As for fiber optics the choices are adding an F-O sight on the front only like a HiViz or using the original iron sight rail and mounting a full set of Williams F-O sights. Personally I like the Tac Sol rear and the fiber optic HiViz in front as this is similar to several of my centerfire pistols.
But I have a set of Williams mounted on a rail also, I just don't like the small size that much. With the HiViz you get several sizes of light pipes in both red and green to better match the notch size of your rear sight.
With a Buckmark there are 2 ways to buy and soup it up. If you are planning to make major changes like barrels, rails, sights, triggers, and grips for instance it makes no sense to buy anything but the cheapest one you can find. You will be changing most of the things that make the models different. So a basic Camper model for $299 or a used one makes sense. If you want to buy one a particular way like a Contour or a URX Lite then buy it that way and enjoy it.
As for red dots I tend to be opininated as a competition shooter as I have tried lots of them.
In my opinion mini red dots are not the best unless you buy the really good ones in the $200+ range, at least for a pistol. They are fine for indoor work or for keeping the dot as low on the bore axis as possible, but they mostly are not always bright enough for bright sunlit ranges. Just depends on how well they are made. For full size models, either reflex (holographic) or tube type, if you only got to the range some times and you don't shoot 500-1000 or more rounds a month for competitive practice and are not using a very light race type BM, most of them will work, even the cheap $50 models. And don't bet that the ones with the factory name on them that cost more are much better than the no-name ones that admit they are made in China.

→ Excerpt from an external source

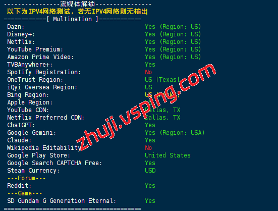 为便于用户评估该服务对特定业务的适配程度,以下提供了基于该机房的详细性能监测数据,包括流媒体解锁测试、全球延迟分布及链路追踪信息。
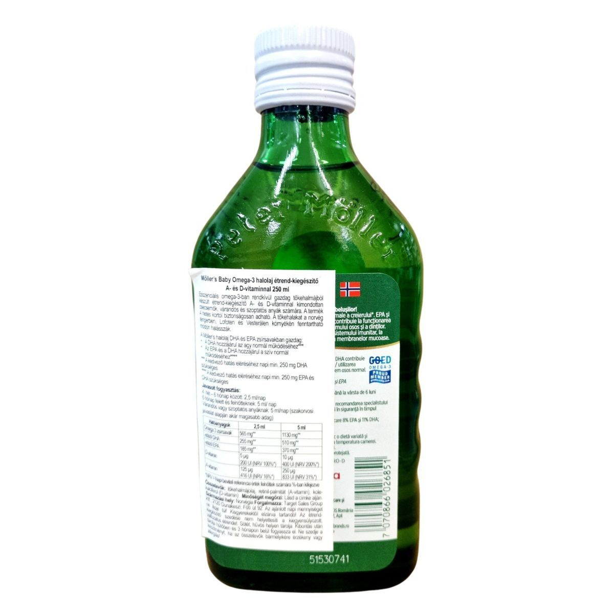 Möller’s Baby Omega-3 halolaj étrend-kiegészítő A- és D-vitaminnal. Esszenciális omega-3-ban gazdag tőkehalmájolajból készült termék. A tőkehalakat a norvég tengeren, Lofoten és Vesterålen környékén fenntartható módon halásszák. A DHA hozzájárul az agy normál működéséhez, az EPA és DHA a szív normál működéséhez, a D-vitamin pedig az immunrendszer normál működéséhez.

When it comes to the cheap reflex type, the only ones I have used and recommend at the lowest level are TruGlo. Their red/green dual color is not bad. Otherwise if you want to be serious you skip the weaver rail and buy an Allchin direct mount ($45) and a C-More ($200).
This combo allows you to remove only the rear sight mount screw and then the barrel screw to take the sight and barrel off in one piece for cleaning and put it back on without losing the POA.
Browning does not make a complete stainless gun like say the Ruger Mk III. Stainless guns are a Ruger thing ( I have 2 of their SS revolvers). Browning frames are made using a forged aluminum alloy block that is CNC machined into a very tight and solid frame. As a result the only way Ruger can make a .22 that is even close to the lightest weight you can get a Browning built to is the polymer frame 22/45 with a Tac Sol alloy receiver and barrel on top.
I know I have a Ruger 22/45 also and while it is a nice shooting gun, with about $200 worth of Volquartsen accurizing parts on it, it is no match for my Browning.